Ex 2: Vulnerability Searching
Dorking can also help you find vulnerable files and servers. Let's say we want to search for a specific known PHP authentication bypass vulnerability as shown in exploitdb by "Mr.tro0oqy".
allintext:Copyright Smart PHP Poll. All Rights Reserved. -exploit
Plenty of other examples like this - for instance this dork searches for MongoDB setups where some versions allow execution of unix commands (exploit outlined here).
allinurl:moadmin.php -google -github
This next dork looks at drupal instances but excludes patch version 7.32 (which was the latest patch at time of writing). This one likely needs a few tweaks since it uses a simple mechanism for exclusion (as of now this will likely show anything above or below 7.32).
inurl:CHANGELOG.txt intext:drupal intext:"SA-CORE" -intext:7.32 -site:github.com -site:drupal.org
If you're feeling frisky you could exclude more by adding in extra "-intext:X.xx" instances or even tell it to only match a certain one with intext:"X.xx".
inurl:CHANGELOG.txt intext:drupal intext:"SA-CORE" -intext:7.32 -intext7.31 -site:github.com -site:drupal.org inurl:CHANGELOG.txt intext:drupal intext:"SA-CORE" intext:"7.44" -site:github.com -site:drupal.org
This last example looks for implementations of OpenSSL that may be vulnerable to heartbleed attacks :)
"OpenSSL" AND "1.0.1 Server at" OR "1.0.1a Server at" OR "1.0.1b Server at" OR "1.0.1c Server at" OR "1.0.1d Server at" OR "1.0.1e Server at" OR "1.0.1f Server at"
Ex 3: Passwords
Yes, that's right ladies and gents, you can even find people's passwords with dorks.

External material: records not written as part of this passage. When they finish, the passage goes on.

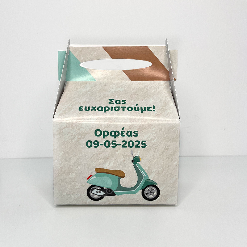 Χάρτινο κουτί Βέσπα για συσκευασία δώρου σε βάπτιση και πάρτυ.
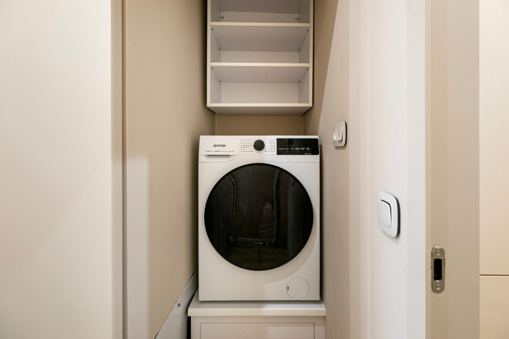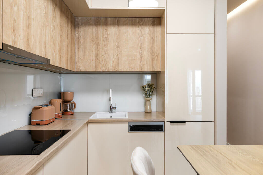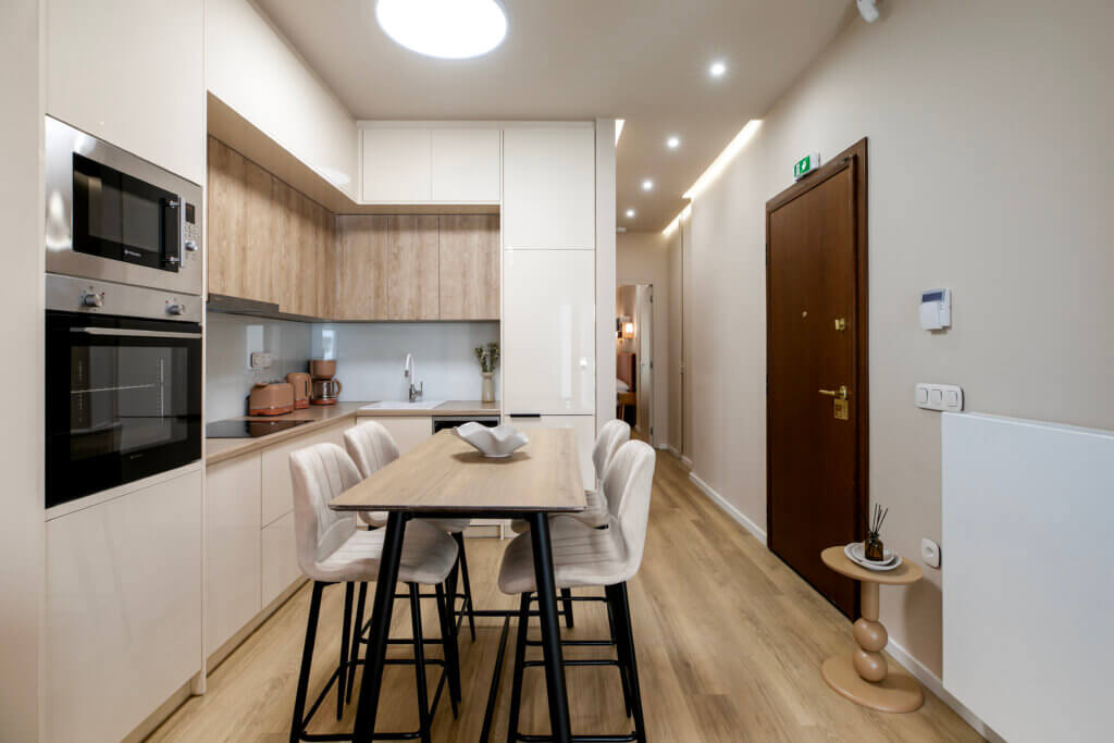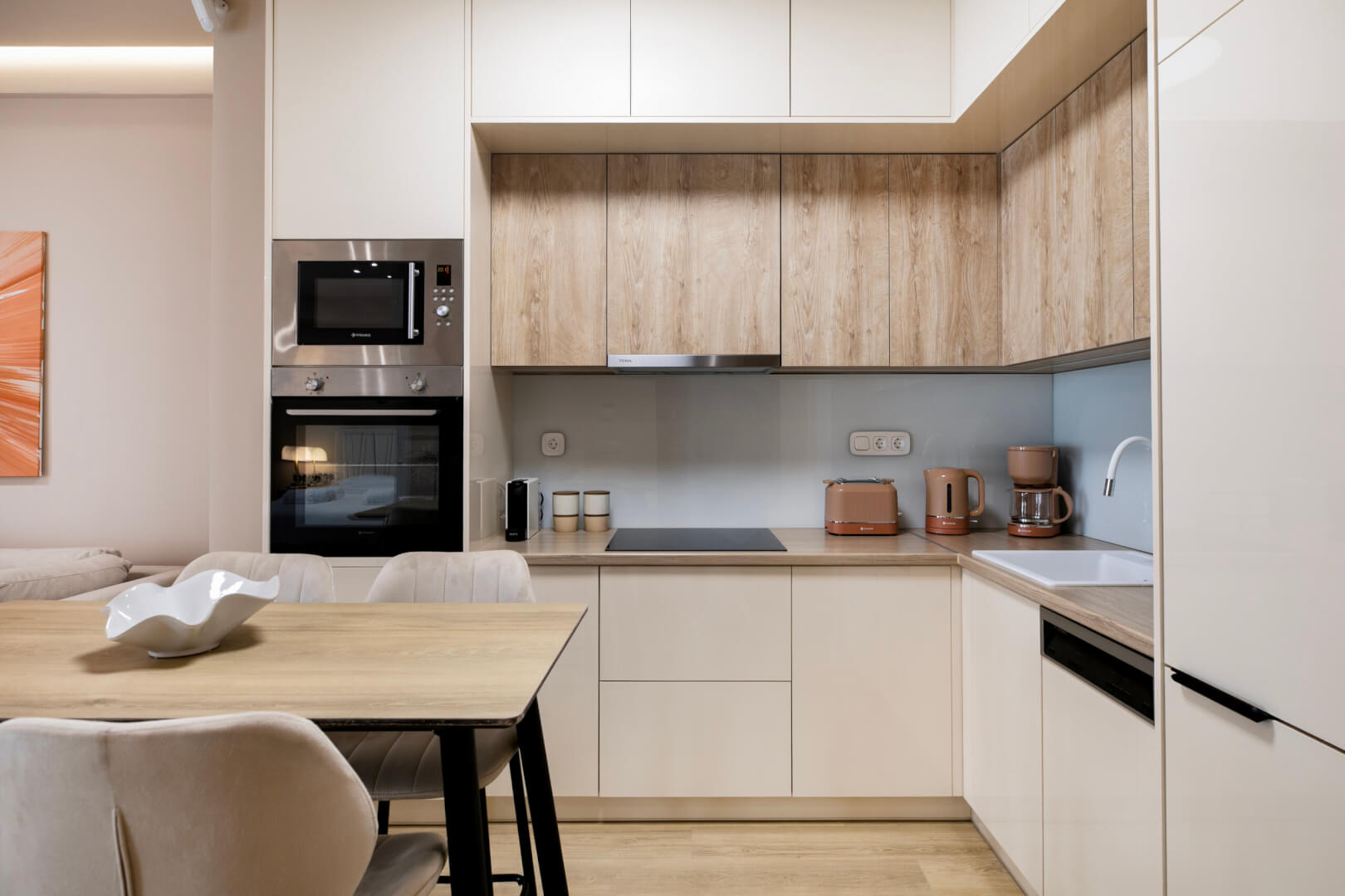 This modern apartment features bright interiors, large windows, and a warm atmosphere. It perfectly blends contemporary design with understated luxury.
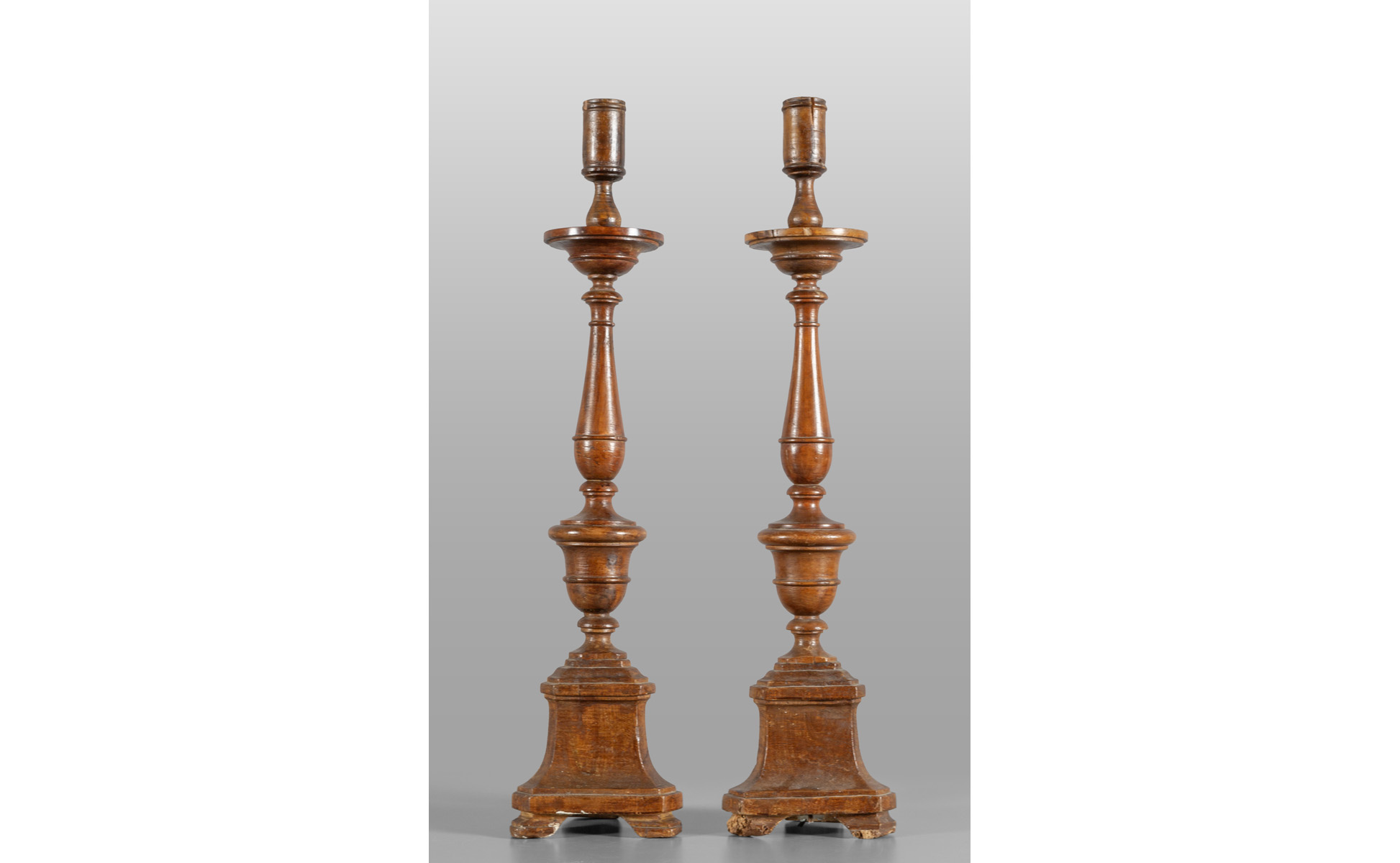 Coppia di candelieri in noce sec.XVIII
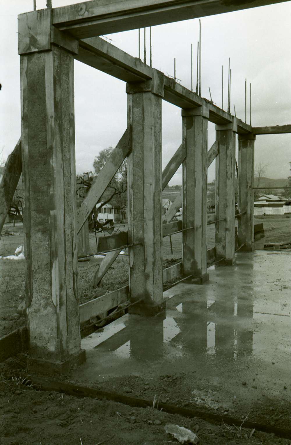 Martinez Tile Glazing Workshop: The first experimental all-gunite concrete building; construction of columns and beams – Photographs of 2nd step
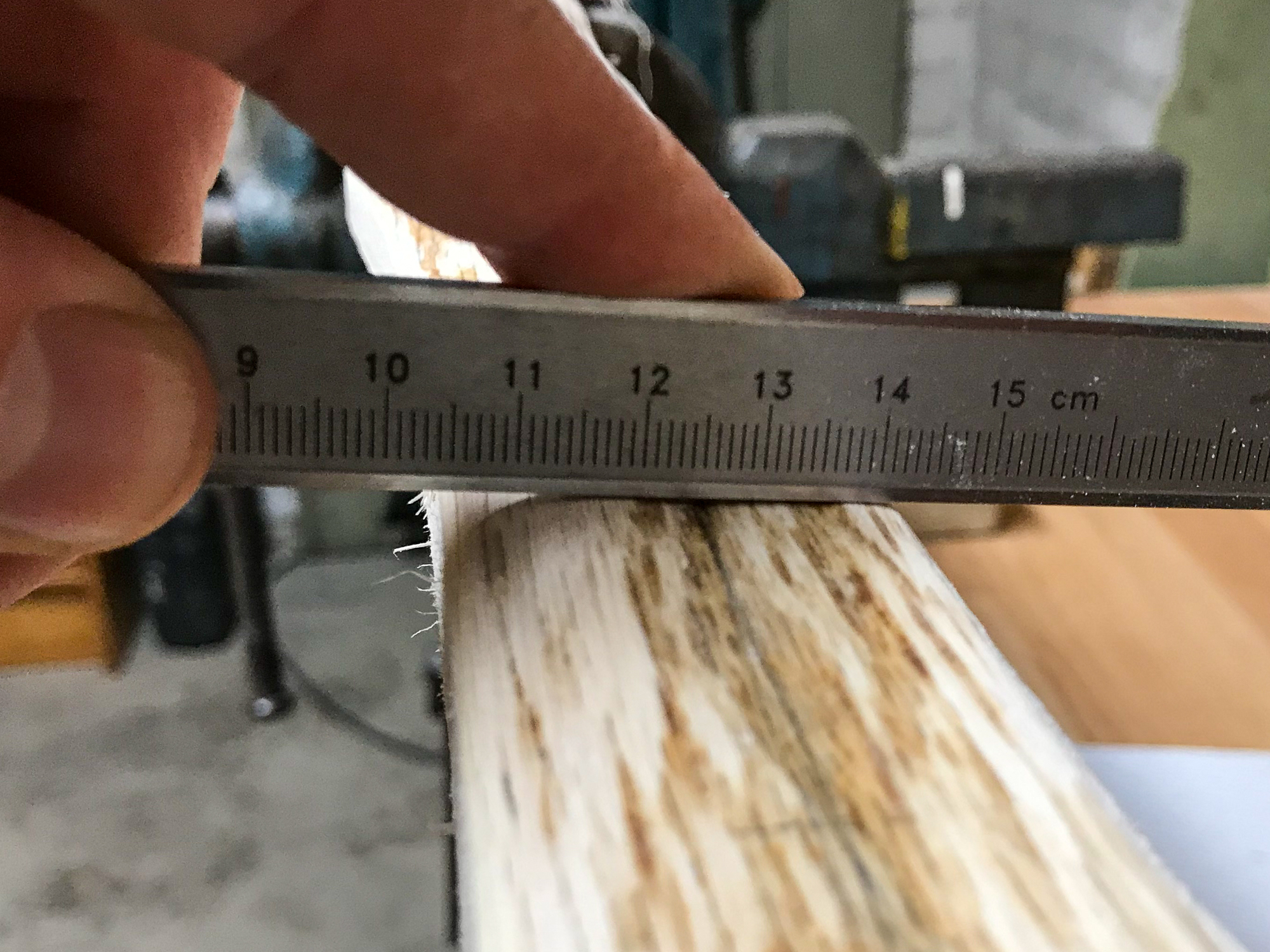 Jetzt ist er fast auf Endmaß und muss noch weiter trocknen. Ziemlich viele eingewachsene Äste, die von Außen nicht absehbar waren, aber er ist noch breit genug. Am oberen WA gibt es eine ziemlich knubbelig-vergriesgnaddelte Stelle, bei der ich erstmal einiges habe stehenlassen, allerdings wäre das viel Masse kurz vor Ende des biegenden Bereichs.
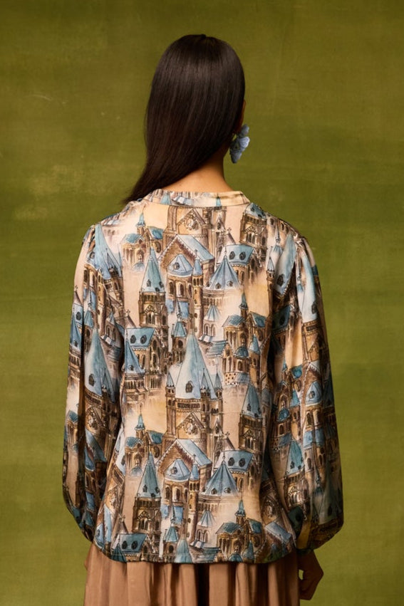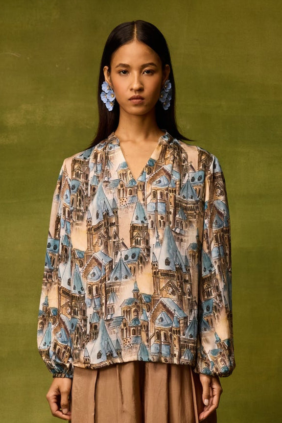This lightweight blouse is adorned with an all-over architectural-inspired hand drawn print in soft blues and neutrals. Designed with a relaxed fit, V-neckline, and billowy sleeves, it’s perfect for adding a touch of artistic flair to your everyday or evening wardrobe.
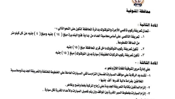هذا وتضمنت المادة الثانية من القرار تعديل تعريفة ركوب التاكسي على أساس محاسبة العداد من بداية فتح البنديرة بمبلغ ( ١٤ ) جنية ومبلغ (٤ ) جنية عن كل 1 كيلو متر من المسافة المقطوعة ، و ( ١٥ ) جنيه تعريفة الركوب الجديدة لمركبات التوكتوك داخل قري المحافظة.
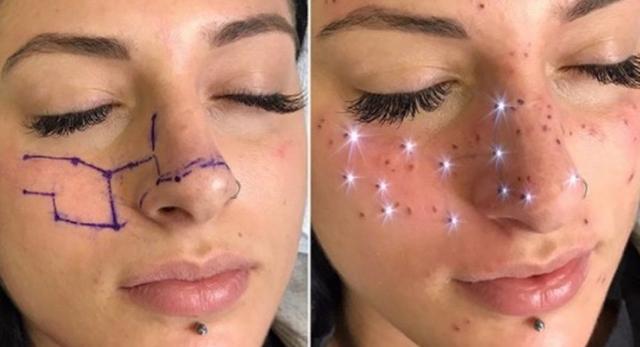 Knapik usa uma técnica especial para tatuar sardas, já que depois de um certo tempo, elas são progressivamente apagadas. E a distribuição de sardas é definida de acordo com a constelação astrológica escolhida pela pessoa tatuada; isto é, sardas são estrelas. Soa bem, não é?
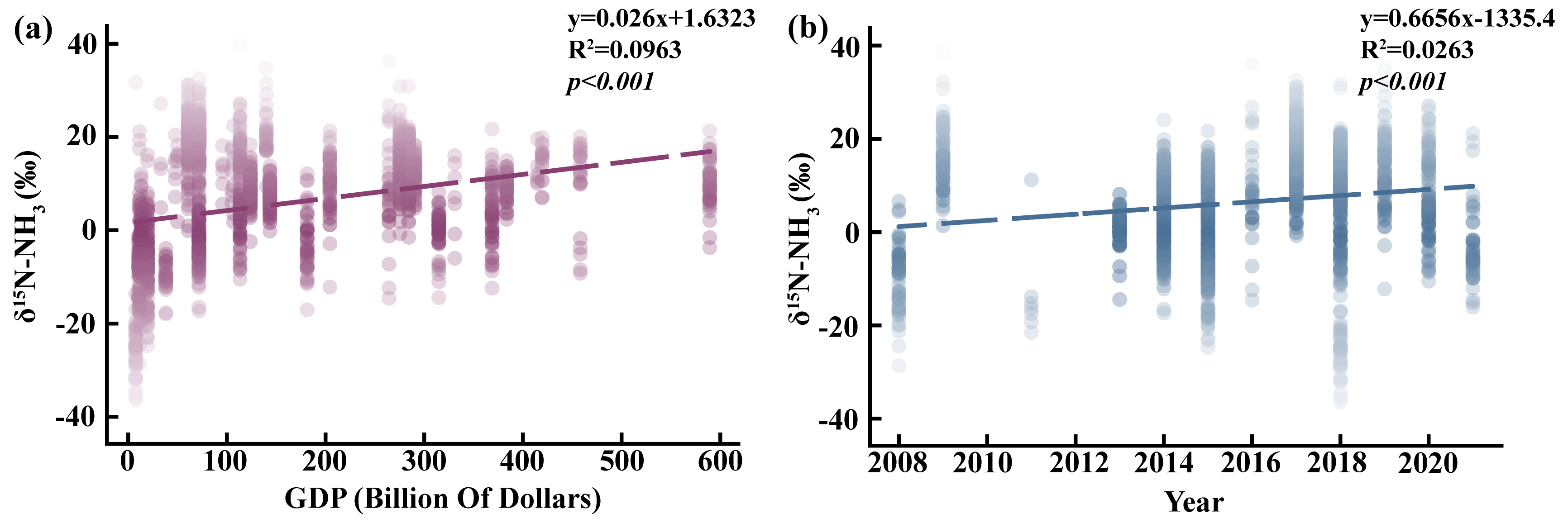 Figure 5Changes of δ15N-NH4+ values among different GDP cities and years. (a) The relationship between GDP and δ15N-NH4+ values (p<0.001); (b) Changes of δ15N-NH4+ values reported between 2008 to 2021 (p<0.001).
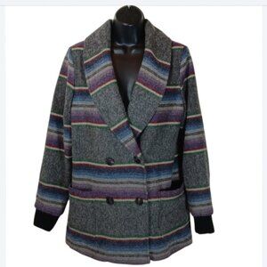 Steven Alan Woolrich blanket jacket features a beautiful Southwestern Indian-style blanket pattern in a mid thigh-length long blazer style. The jacket is made of a wool blend fabric and features a button closure and long sleeves with contrasting black cuffs for a more cozy effect (see detailed pic). The multicolor striped pattern is eye-catching and unique, perfect for adding a pop of color to any outfit . Beautifully lined.
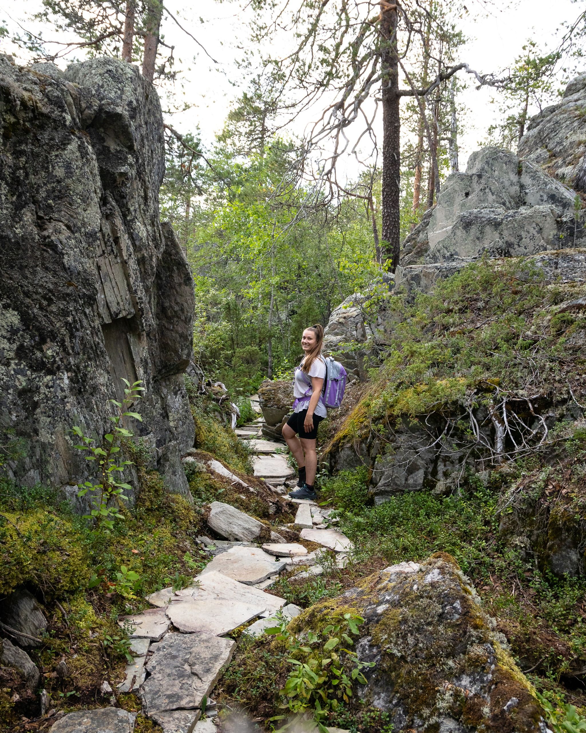 Kätkävaaran luontopolku (7 km) + Luola- ja rotkopolku (1 km) on loistava päiväretkikohde. Koko reitti on keskivaikea, mutta kannattaa varata 3–4 tuntia kävelyyn ja kaiken näkemiseen! Polun varrella on myös paljon infotauluja ja interaktiivisia äänitarinoita, joihin suosittelen tutustumaan – ne olivat upeita!
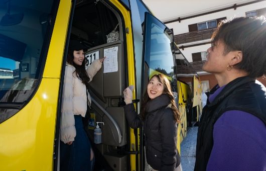 バスに揺られてのんびりとスキー場へ。山へ近づくと窓の景色が銀世界に変わっていく様子にわくわくする。
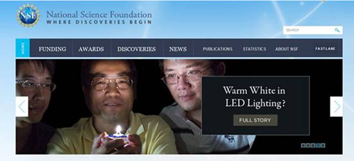 图为获奖文章发表后在美国国家自然科学基金网站的头版报道
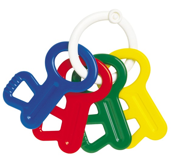 歯固めとラトルの機能両方を持ち合わせています。赤ちゃんの手でもしっかりと握ることができる初めての遊び道具にぴったり。白いリングに赤・青・黄色・緑のカギが付けられています。※白いリングは外せません。
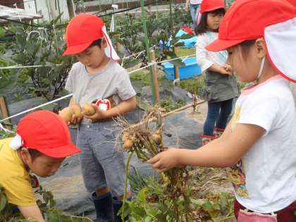 もう地面からジャガイモが顔をのぞかせているものもあり、子どもたちは「ジャガイモがここにある!」と茎を引っ張ったり地面を掘ったりして収穫しました。
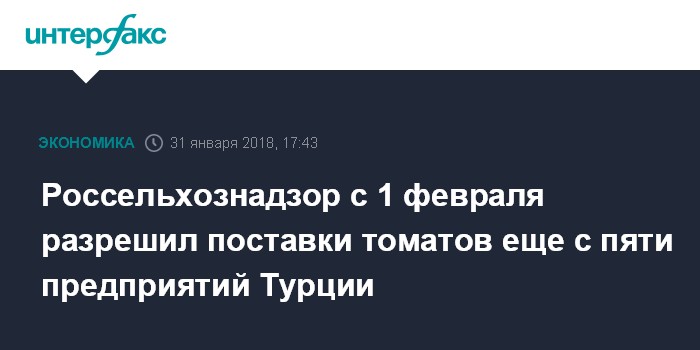 Москва. 31 января. INTERFAX.RU - Россельхознадзор с 1 февраля разрешил поставки томатов еще с пяти предприятий Турции, сообщает служба.
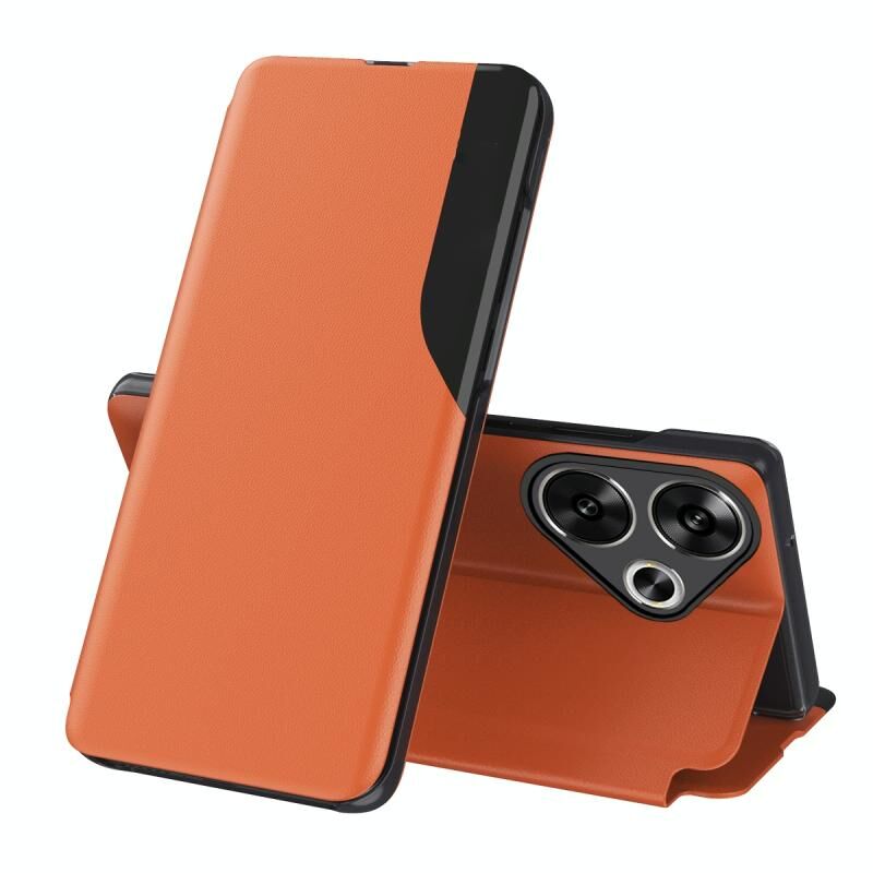 Για Xiaomi Poco F6 Attraction Flip κάτοχος δερμάτινη θήκη τηλεφώνου (Πορτοκαλί)

This beautiful little gem looks for database backup files that often contain username/password combos for wordpress.
You can even scrape uploaded text files to look for email username/password combinations.
site:static.ow.ly/docs/ intext:@gmail.com | Password
Scraping pastebin in similar fashion will almost always get a good number of hits.*
site:pastebin.com intext:@gmail.com | @yahoo.com | @hotmail.com daterange:2457388-2457491
*Note that for daterange you need to use JD (Julian Date)
This github scrape revealed quite a nice SCADA password list. Oh, the things you'll find!
site:github.com ext:csv userid | username | user -example password
You can even find Cisco VPN credential dumps! Quite the creative user/pass combo...
filetype:pcf "cisco" "GroupPwd"
There are plenty of other examples just on the exploitdb page alone. So, how would dorking help in a targeted attack? These fun little dorks rely mostly on misconfiguration and human error but there are a few ways it may help.
Now get to dorking, ya bunch of dorks!